For somebody who does programming in QB64, or Gambas, or PureBasic, or FreeBasic (etc. etc. etc.), BASIC Anywhere Machine might be good for coding/testing little bits of code when away from the main programming device, BASIC Anywhere Machine not just having the code right there in the TiddlyWiki, but all intertwingled with notes and/or whatever else is in TiddlyWiki (whatever you like to have in TiddlyWiki and however you use TiddlyWiki.)

Yeah, BASIC Anywhere Machine is not going to be a Visual Studio killer …

Whatever team decides to make BASIC Anywhere Machine a primary/secondary development tool: Darwin Award candidates ???

BTW: Not BASIC programming in the web (which kind of entails being online.) More BASIC programming in your web browser, whether online or offline (I do have to test the offline thing to make sure I haven’t forgotten about any online dependencies. So many things to do, not enough lifetimes…)
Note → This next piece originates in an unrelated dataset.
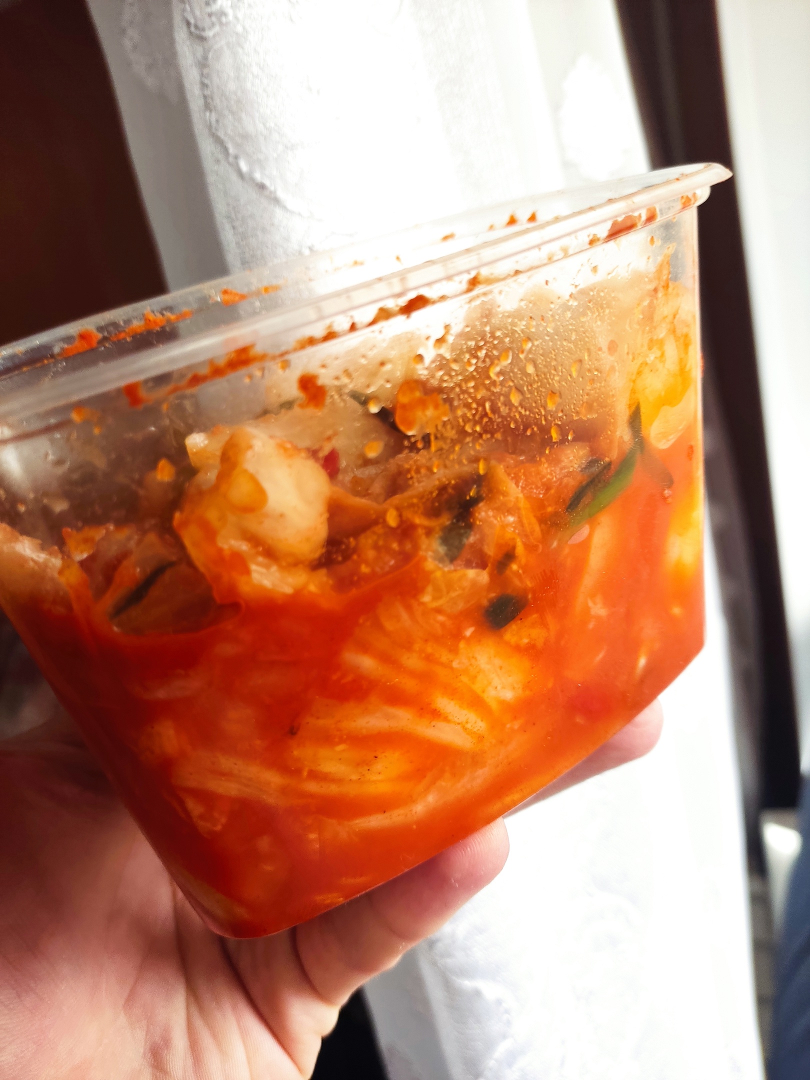 Купил кимчи у китайца на рынке. Очень похоже было на то, что приготовил я сам, только это квасилось заранее нарезанным и с немного другим набором зелени. Ещё не хватало рыбного соуса во вкусе, в нём содержится глутамат натрия, который хорошо "подсвечивает" результат работы молочнокислых бактерий. Добавил, перемешал, результат на фото.

Aside: When I started learning BASIC, I wasn’t yet at the “wet dreams” stage of life, and am now at an age in which the dreams are pretty frigging dry …

Back to topic:

I’ve got to thank all of you for making me realise I need to state the scope of this project (i.e. audience, purpose, etc.)

So I’ve started cobbling together a couple of related pages: It is. It isn’t. and Noteworthy BASIC Implementations (for other BASIC implementations that can do things absolutely not in the scope of BASIC Anywhere Machine.)